- What to do -
Only the pictures are to be left out, and the rest of the entries should be reproduced exactly.
* * * *
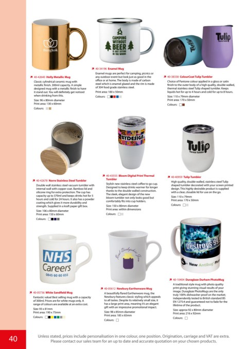 Unless stated, prices include personalisation in one colour, one position. Origination, carriage and VAT are extra.
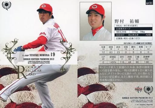 Nombre comercial en japonés: BBM/レギュラーカード/広島東洋カープ/BBM2012 ルーキーエディションプレミアム RP31 [レギュラーカード] : 野村祐輔
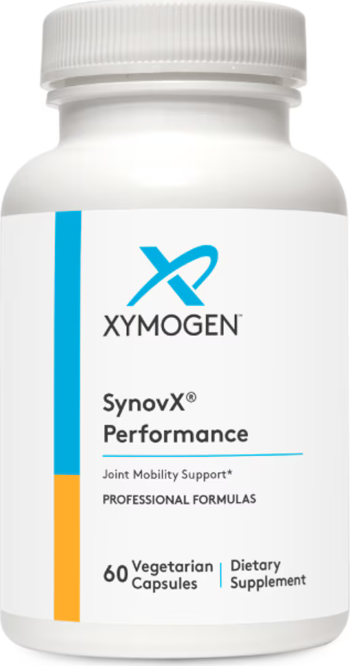XYMOGEN SynovX Performance Description Joint Mobility Support Supports Joint Mobility and Comfort Supports Healthy Synovial Fluid Supports Joint Integrity and Function Professional Formulas SynovX...
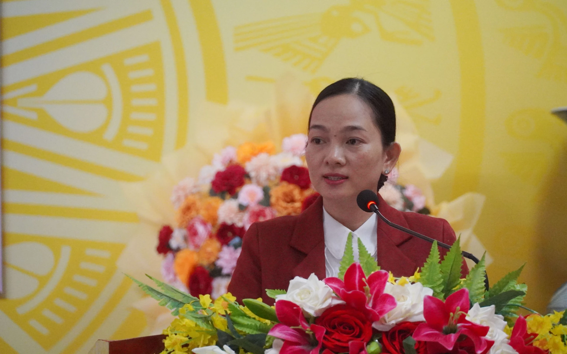 Bà Nguyễn Thị Bích Thủy, Trưởng phòng Tổ chức đảng và đảng viên, Ban Tổ chức Tỉnh ủy trình bày chương trình hành động - Ảnh: X.P
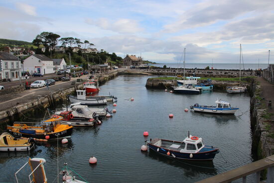 Heute also einer meiner persönlichen Highlights der Reise, der Giant Causeway. Ich habe mir zu Hause schon überlegt, diesen Ausflug nicht mit dem Roller, sondern als Busausflug zu machen. Die Tour habe ich auch zu Hause schon gebucht. Das Wetter scheint nach den letzten eher verregneten Tagen auch mitzumachen. Wir fahren geradeaus nach Norden an die Küste und dann die schöne Straße an der Küste entlang. Eine. ersten Stopp legen wir in einem kleinen Ort mit einem schönen Hafen an. Er ist als Toiletten. Und Verpflegungsstopp gedacht, weil wir keinen Lunchstopp einlegen werden und auch am Giant Causeway kein Mittagessen eingeplant ist. Der kleine Laden, hinter dem wir Parken übrigens wieder ein Spar, ist genau darauf eingerichtet und bietet jede Menge Essen zum Mitnehmen an. Der Bus ist mittelgroß und bis auf ein oder zwei Plätze ausgebucht. Ich habe Glück, dass ich wieder den mittleren Platz auf der Rückbank bekommen. Das ist ja immer mein Stammplatz, weil es auch hier wieder der einzige Sitz im ganzen Bus ist, bei dem ich genug Platz für meine Beine habe. Beim Einsteigen bin ich nicht so glücklich darüber, dass es so voll ist. Dann wurde der Ausflug aber recht nett. Rund 80 Prozent der Teilnehmer sind Studenten aus Augsburg, die hier einen Uniausflug machen. Außerdem ist noch ein Australier dabei, der gerade seinen Bruder in London besucht und mit dem ich meistens unterwegs bin und noch eine Singapureanerin, die für einen Kongress ich Belfast ist. Die restlichen zwei Pärchen habe ich nicht weiter kennen gelernt.
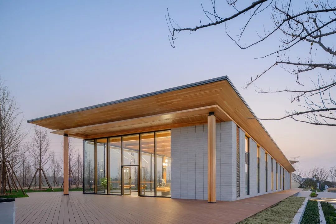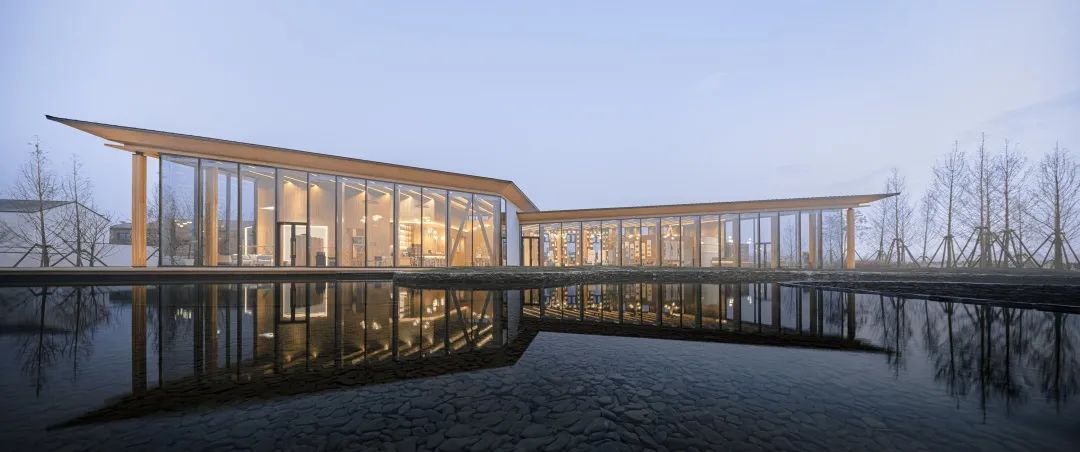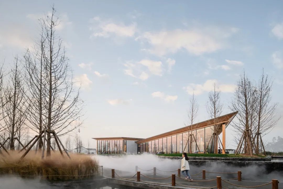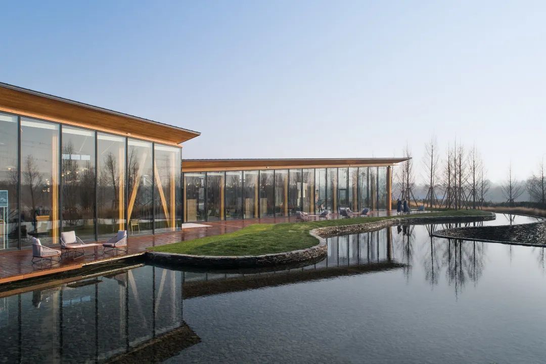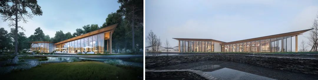 玻璃幕墻與木結(jié)構(gòu)坡屋頂是建筑的主要元素,它用輕巧的結(jié)構(gòu)定義了建筑的室內(nèi)特征,又在外部營(yíng)造了極具識(shí)別性的形象。
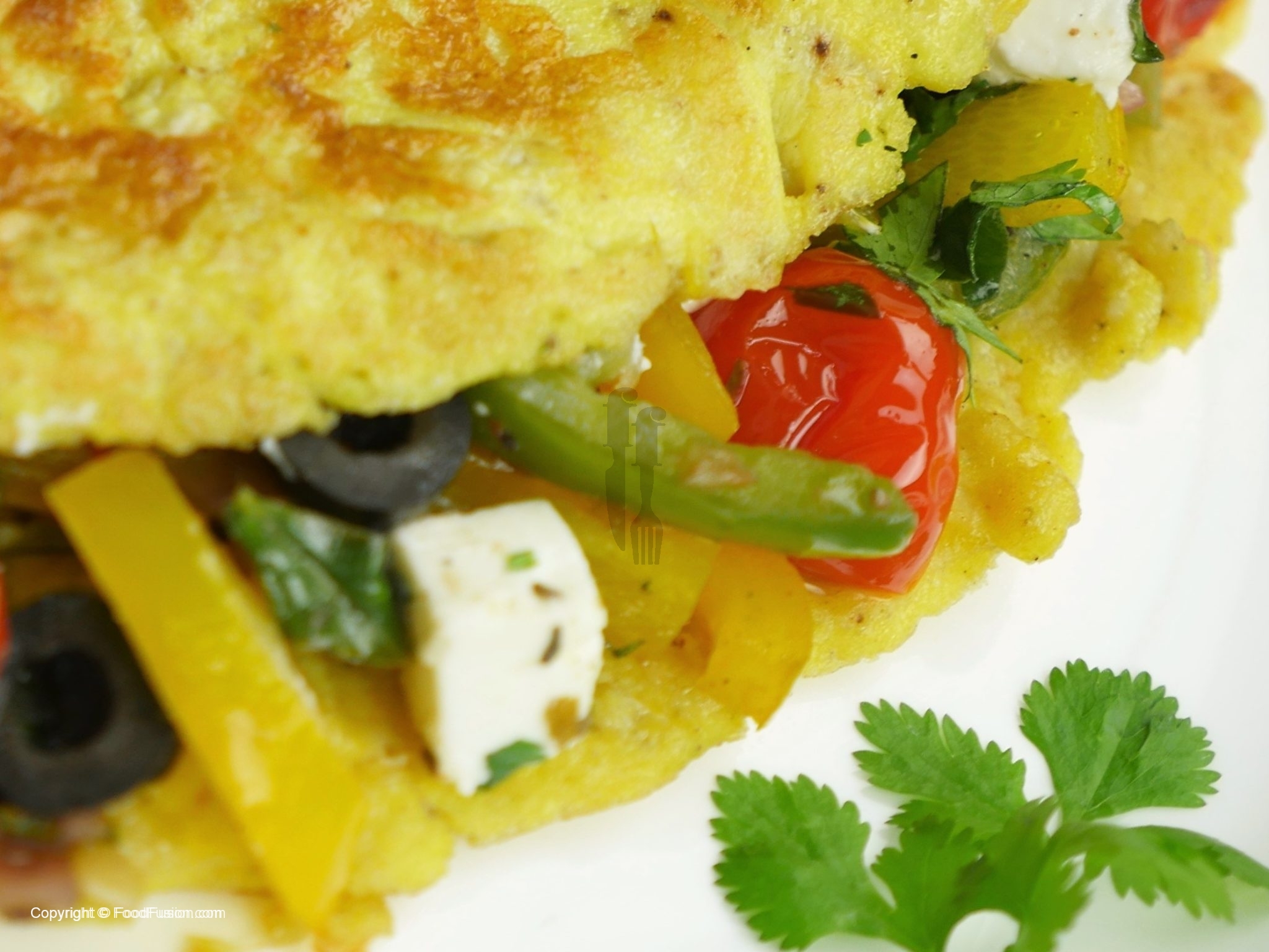 Sprinkle dried oregano and fill stir fried vegetable over half of each omelette.
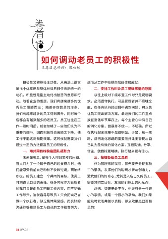 积极。给员工建立一个共同的目标,使员工 激发他们的好奇心,尤其是入店已久的员工,
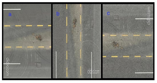 - Pan, Y.; Zhang, X.; Sun, M.; Zhao, Q. Object-based and supervised detection of potholes and cracks from the pavement images acquired by UAV. Int. Arch. Photogramm. Remote Sens. Spat. Inf. Sci. 2017, 42, 209–217. [Google Scholar] [CrossRef]
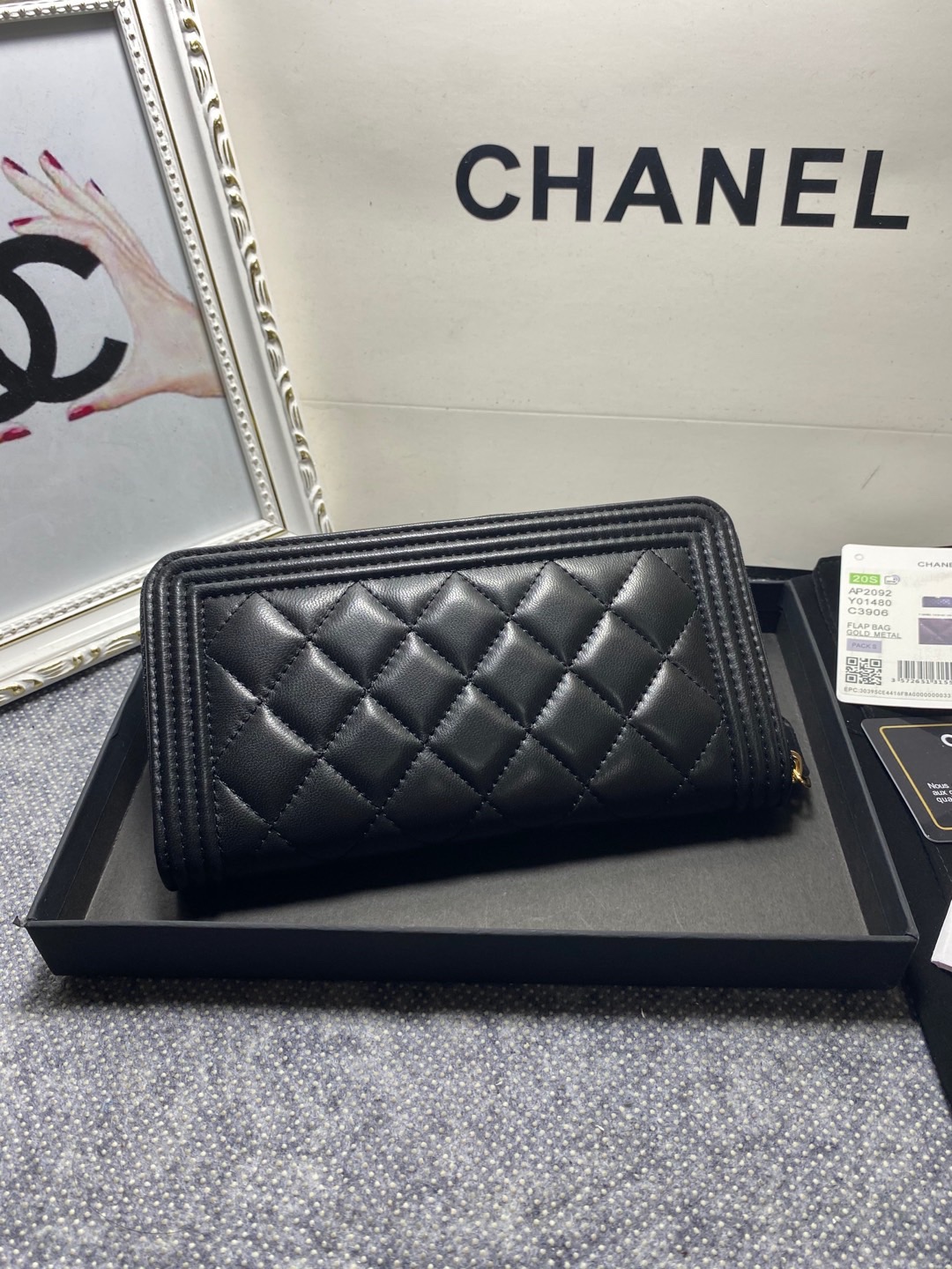 The *anel ‘Boy’ Wallets have consistently gained popularity on par with the Boy *anel Quilted Bags. With its striking similarities to the Boy Bag line, including the quilted pattern with striped edges and the iconic boy clasp, this wallet embodies the essence of the collection. Crafted from durable calfskin, it ensures minimal upkeep and resistance to damage, even when placed in close proximity to keys within your bag. With its versatility and functionality, this wallet proves to be a practical and remarkable choice, capable of securely holding paper money, credit cards, and coins.
* * * *
- Output below -
 Unless stated, prices include personalisation in one colour, one position. Origination, carriage and VAT are extra.
 Nombre comercial en japonés: BBM/レギュラーカード/広島東洋カープ/BBM2012 ルーキーエディションプレミアム RP31 [レギュラーカード] : 野村祐輔
XYMOGEN SynovX Performance Description Joint Mobility Support Supports Joint Mobility and Comfort Supports Healthy Synovial Fluid Supports Joint Integrity and Function Professional Formulas SynovX...
 Bà Nguyễn Thị Bích Thủy, Trưởng phòng Tổ chức đảng và đảng viên, Ban Tổ chức Tỉnh ủy trình bày chương trình hành động - Ảnh: X.P
 Heute also einer meiner persönlichen Highlights der Reise, der Giant Causeway. Ich habe mir zu Hause schon überlegt, diesen Ausflug nicht mit dem Roller, sondern als Busausflug zu machen. Die Tour habe ich auch zu Hause schon gebucht. Das Wetter scheint nach den letzten eher verregneten Tagen auch mitzumachen. Wir fahren geradeaus nach Norden an die Küste und dann die schöne Straße an der Küste entlang. Eine. ersten Stopp legen wir in einem kleinen Ort mit einem schönen Hafen an. Er ist als Toiletten. Und Verpflegungsstopp gedacht, weil wir keinen Lunchstopp einlegen werden und auch am Giant Causeway kein Mittagessen eingeplant ist. Der kleine Laden, hinter dem wir Parken übrigens wieder ein Spar, ist genau darauf eingerichtet und bietet jede Menge Essen zum Mitnehmen an. Der Bus ist mittelgroß und bis auf ein oder zwei Plätze ausgebucht. Ich habe Glück, dass ich wieder den mittleren Platz auf der Rückbank bekommen. Das ist ja immer mein Stammplatz, weil es auch hier wieder der einzige Sitz im ganzen Bus ist, bei dem ich genug Platz für meine Beine habe. Beim Einsteigen bin ich nicht so glücklich darüber, dass es so voll ist. Dann wurde der Ausflug aber recht nett. Rund 80 Prozent der Teilnehmer sind Studenten aus Augsburg, die hier einen Uniausflug machen. Außerdem ist noch ein Australier dabei, der gerade seinen Bruder in London besucht und mit dem ich meistens unterwegs bin und noch eine Singapureanerin, die für einen Kongress ich Belfast ist. Die restlichen zwei Pärchen habe ich nicht weiter kennen gelernt.
 玻璃幕墻與木結(jié)構(gòu)坡屋頂是建筑的主要元素,它用輕巧的結(jié)構(gòu)定義了建筑的室內(nèi)特征,又在外部營(yíng)造了極具識(shí)別性的形象。
 Sprinkle dried oregano and fill stir fried vegetable over half of each omelette.
 积极。给员工建立一个共同的目标,使员工 激发他们的好奇心,尤其是入店已久的员工,
 - Pan, Y.; Zhang, X.; Sun, M.; Zhao, Q. Object-based and supervised detection of potholes and cracks from the pavement images acquired by UAV. Int. Arch. Photogramm. Remote Sens. Spat. Inf. Sci. 2017, 42, 209–217. [Google Scholar] [CrossRef]
 The *anel ‘Boy’ Wallets have consistently gained popularity on par with the Boy *anel Quilted Bags. With its striking similarities to the Boy Bag line, including the quilted pattern with striped edges and the iconic boy clasp, this wallet embodies the essence of the collection. Crafted from durable calfskin, it ensures minimal upkeep and resistance to damage, even when placed in close proximity to keys within your bag. With its versatility and functionality, this wallet proves to be a practical and remarkable choice, capable of securely holding paper money, credit cards, and coins.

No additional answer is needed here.